Zhang Jiayang, Che Yilin, Liu Rongrong, Wang Zhicheng, Liu Weiwu
Department of Radiology, The Second Hospital of Jilin University, 218 zigiang Street, Changchun, 130041, People's Republic of China.
NHC Key Laboratory of Radiobiology, School of Public Health, Jilin University, 1163 Xinmin Street, Changchun, 130021, People's Republic of China.
Brief Bioinform. 2025 Jul 2;26(4). doi: 10.1093/bib/bbaf440.
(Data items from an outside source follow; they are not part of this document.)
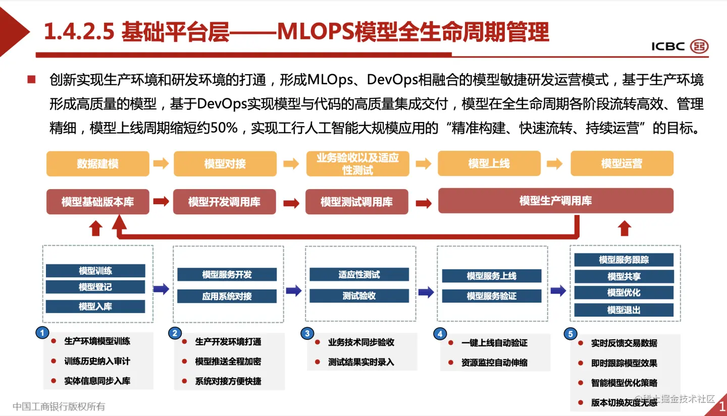 其中,为了满足大规模的模型训练同时还能保证高质量的管理,工行创新实现了生产环境和研发环境的打通,形成MLOps、DevOps相融合的模型敏捷研发运营模式,基于生产环境形成高质量的模型,基于DevOps实现模型与代码的高质量集成交付,模型在全生命周期各阶段流转高效、管理精细,模型上线周期缩短约50%,实现了工行人工智能大规模应用的“精准构建、快速流转、持续运营”的目标,下图所示为人工智能平台中基础平台层,MLOPS模型的全生命周期管理流程。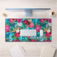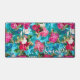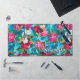 Elegant floral pink flowers blue pattern desk mat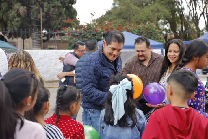 Ernesto Núñez Aguilar, dirigente estatal, encabezó la entrega de los regalos a los niños que se encuentran con la ilusión de la mágica noche en la que Melchor, Gaspar y Baltazar reparten alegría y regalos.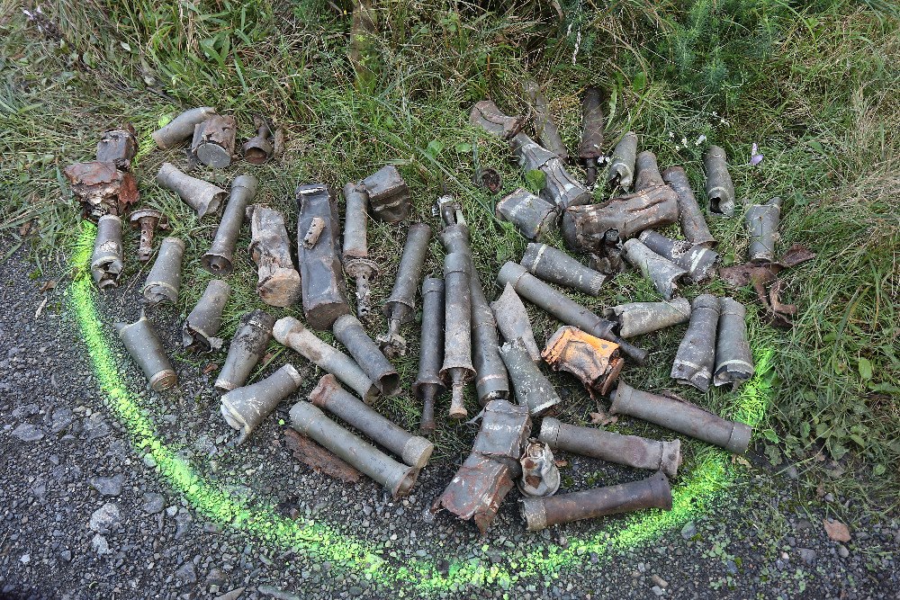 Bezpečnostní opatření byla nezbytná, nedaleko zázemí pro vyšetřovatele totiž našli část dělostřeleckého granátu v osmimetrové výšce.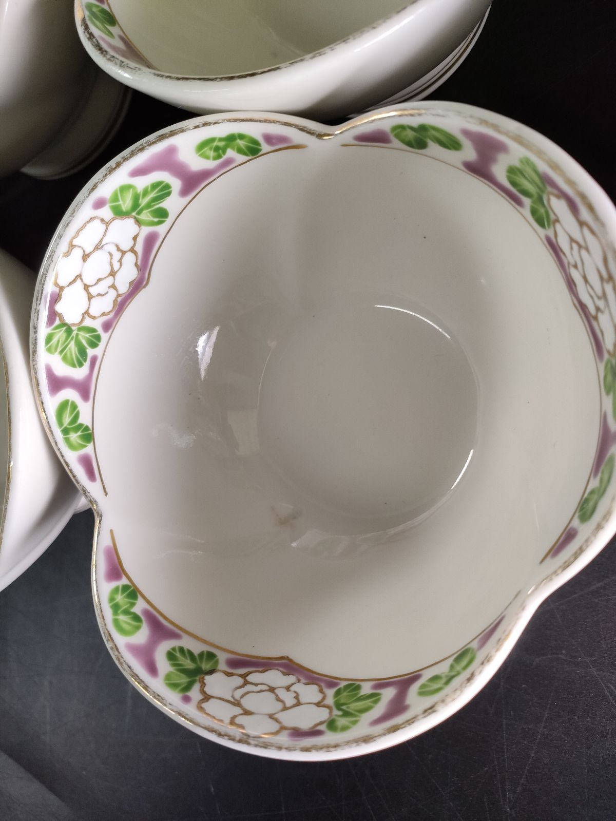 F 5 02 智山窯 三川内焼 牡丹紋三葉形高台小鉢24客 向付 小鉢 小皿 銘々皿 懐石道具 懐石料理

Artificial intelligence (AI) excels at efficiently processing large volumes of data and extracting valuable insights. Deep Learning (DL), a subfield of AI, utilizes multi-layer neural network algorithms to analyze various types of data, mimicking the neural network architecture of the human brain. One of the most prominent features of DL is its end-to-end learning mechanism, which excels at automatic feature extraction and pattern recognition in data. As multi-omics technologies rapidly evolve, the volume of omics data from cancer samples has surged, presenting a significant challenge in managing this vast amount of information. Due to its strong data processing capabilities, DL is increasingly applied across a range of cancer research areas, such as early detection and screening, diagnosis, molecular subtype classification, discovery of biomarkers, and predicting patient prognosis and treatment responses. DL integrates high-dimensional data from fields such as genomics, epigenomics, transcriptomics, proteomics, radiomics, and single-cell omics, enhancing our understanding of cancer development and advancing personalized treatment approaches. This paper reviews various DL models and their roles in analyzing complex data patterns, providing a review of DL applications in cancer multi-omics analysis research and emphasizing its potential in early detection, diagnosis, classification, and prognosis prediction. As DL models are introduced continuously, we expect their application in cancer research to become more extensive, thus propelling the advancement of cancer medicine.
人工智能(AI)擅长高效处理大量数据并提取有价值的见解。深度学习(DL)作为AI的一个子领域,利用多层神经网络算法来分析各种类型的数据,模仿人类大脑的神经网络架构。DL最显著的特点之一是其端到端学习机制,该机制在数据的自动特征提取和模式识别方面表现出色。随着多组学技术的迅速发展,癌症样本的组学数据量激增,在管理如此大量的信息方面带来了重大挑战。由于其强大的数据处理能力,DL越来越多地应用于一系列癌症研究领域,如早期检测与筛查、诊断、分子亚型分类、生物标志物发现以及预测患者预后和治疗反应。DL整合了来自基因组学、表观基因组学、转录组学、蛋白质组学、放射组学和单细胞组学等领域的高维数据,加深了我们对癌症发展的理解,并推动了个性化治疗方法的进步。本文综述了各种DL模型及其在分析复杂数据模式中的作用,回顾了DL在癌症多组学分析研究中的应用,并强调了其在早期检测、诊断、分类和预后预测方面的潜力。随着DL模型的不断引入,我们预计它们在癌症研究中的应用将更加广泛,从而推动癌症医学的进步。